I am so glad you are reading this post .. it means you have decided to visit (or are at least curious about) the land of fire and ice and are looking for the best travel tips for Iceland! Just so you know, I am 100% in love with Iceland, it was my very first solo trip and I have been there twice, both times in the winter.
I probably think about going to back to Iceland at least once a day .. hopefully your experience will be just as magical as both of mine were. When I was planning my trip to Iceland, I was scattered about the internet looking for travel tips for Iceland. To make things easier for you, I put them all here.
Here are my BEST travel tips for Iceland:
- Currency – the official currency in Iceland is the Icelandic Krona. $50USD = $5347 (on today’s exchange rate). $50 Euro is $5631 krona.

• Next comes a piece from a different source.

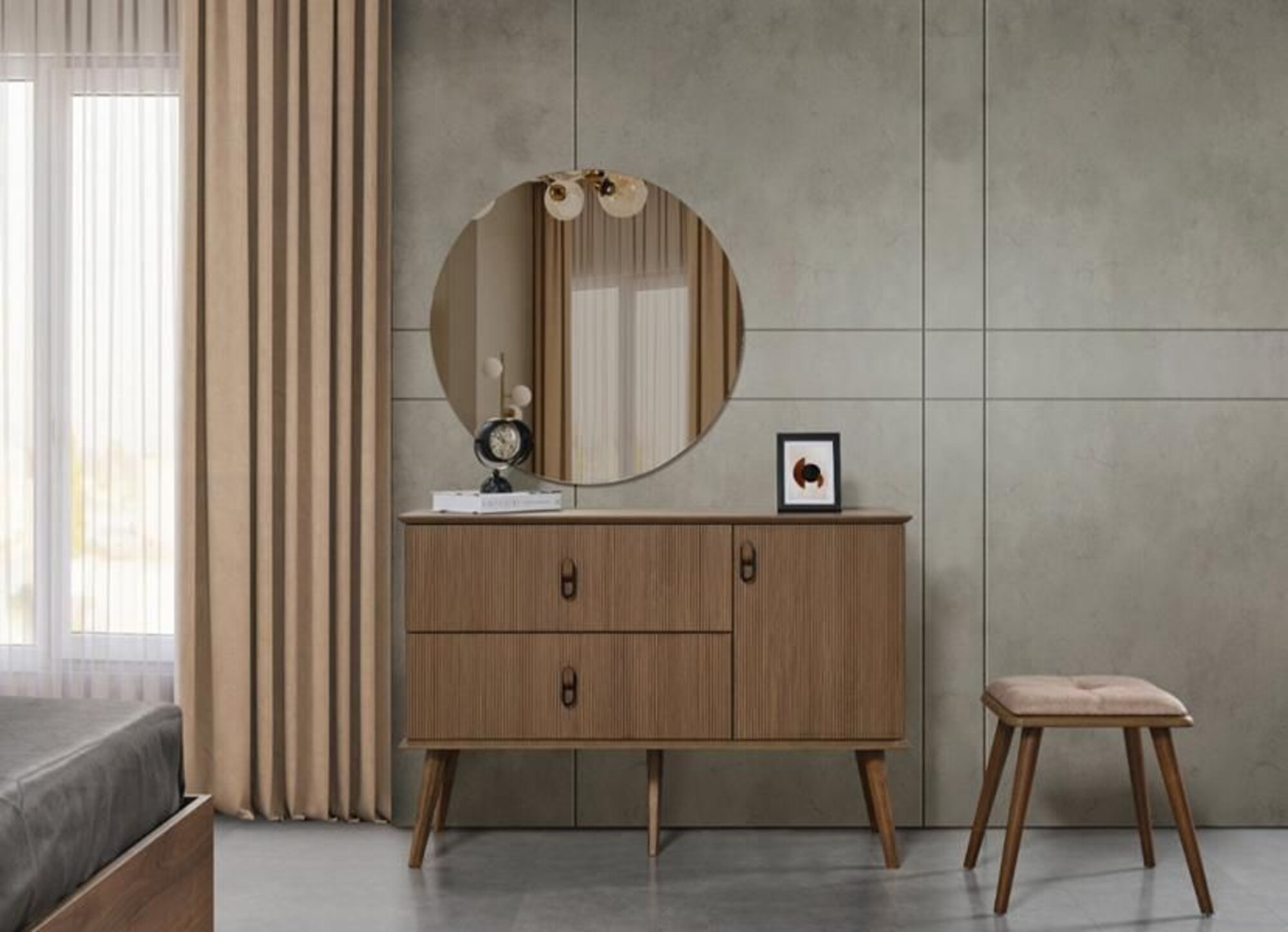 Entdecken Sie das stilvolle Kommode Schminktisch Spiegel Hocker Set von JV Möbel, das perfekt für Ihr Schlafzimmer geeignet ist. Dieses Set umfasst alles, was Sie für Ihre tägliche Schönheitsroutine benötigen: einen eleganten Spiegel, eine praktische Kommode und einen bequemen Hocker. Mit einer Breite von 44 cm und einer Länge von 120 cm bietet die Kommode ausreichend Platz für Ihre Kosmetikartikel und Accessoires. Der moderne Stil und der mitteldunkle Holzton verleihen Ihrem Raum eine zeitgemäße Note.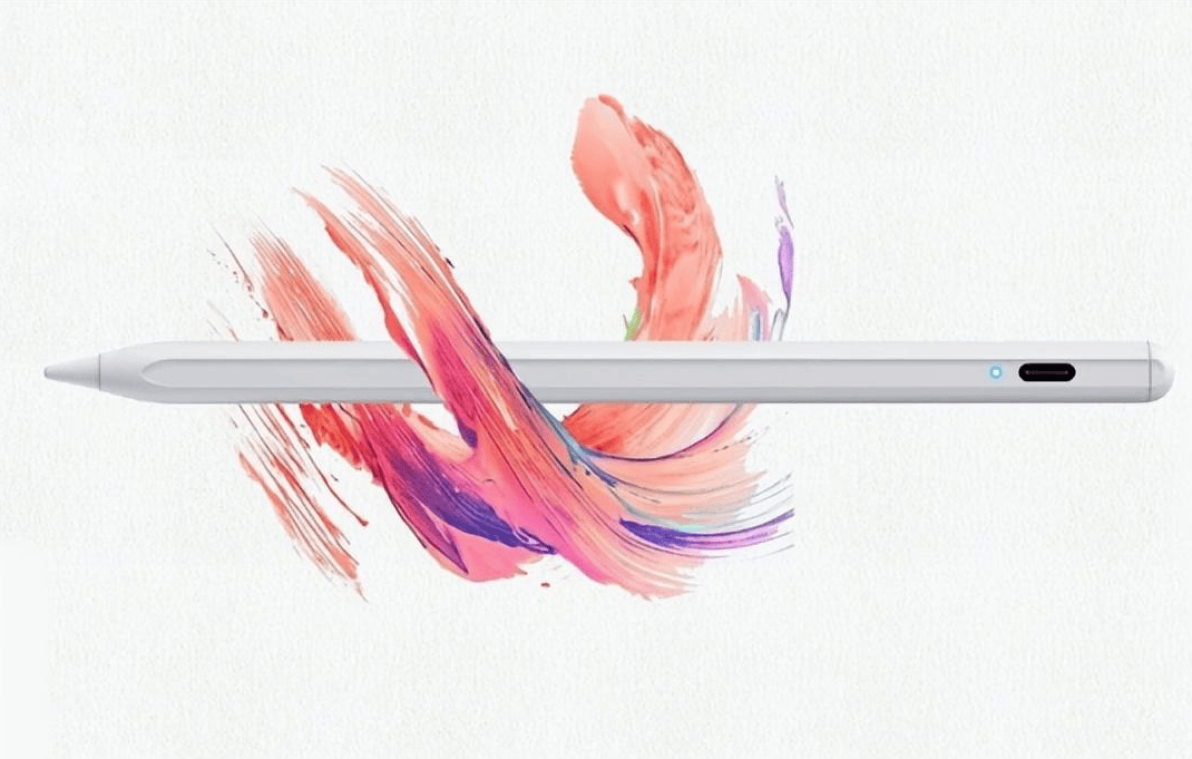 吉玛仕这款电容笔外观简洁大方,笔身带有电量显示灯,可以实时查看电量,非常方便,笔尖采用了pom材质,不仅耐磨防滑,降噪效果也很不错,只是偶尔会出现断触的情况。采用常见的type-C口充电方式,续航不错,充一次电能连续使用10和小时左右,还具有倾斜压感设计,通过调整笔尖倾斜角度,把控线条的粗细,对有绘画需求的用户很友好。

You can exchange money at your international airport or when you arrive in Iceland.
- Cash or Credit Cards? – Good news – I have never used cash in Iceland. Everywhere I went, even in the middle of nowhere, took cards.
- Pro travel tips for Iceland: PLEASE remember to let your bank or credit card know you are going to Iceland so they don’t deny your charges.
- It wouldn’t hurt to have some cash on you just in case. Even though I never needed it, you never know really.
- Getting there – If you live in North America and Europe, WOW air has opened up several flights to get to Iceland. I have found flights for $99 each way (but that did not include carry-on or checked luggage – so make sure you read about that).
- I live in the Washington, D.C. area and the flight is less time to get to Iceland than it is to the west coast in California.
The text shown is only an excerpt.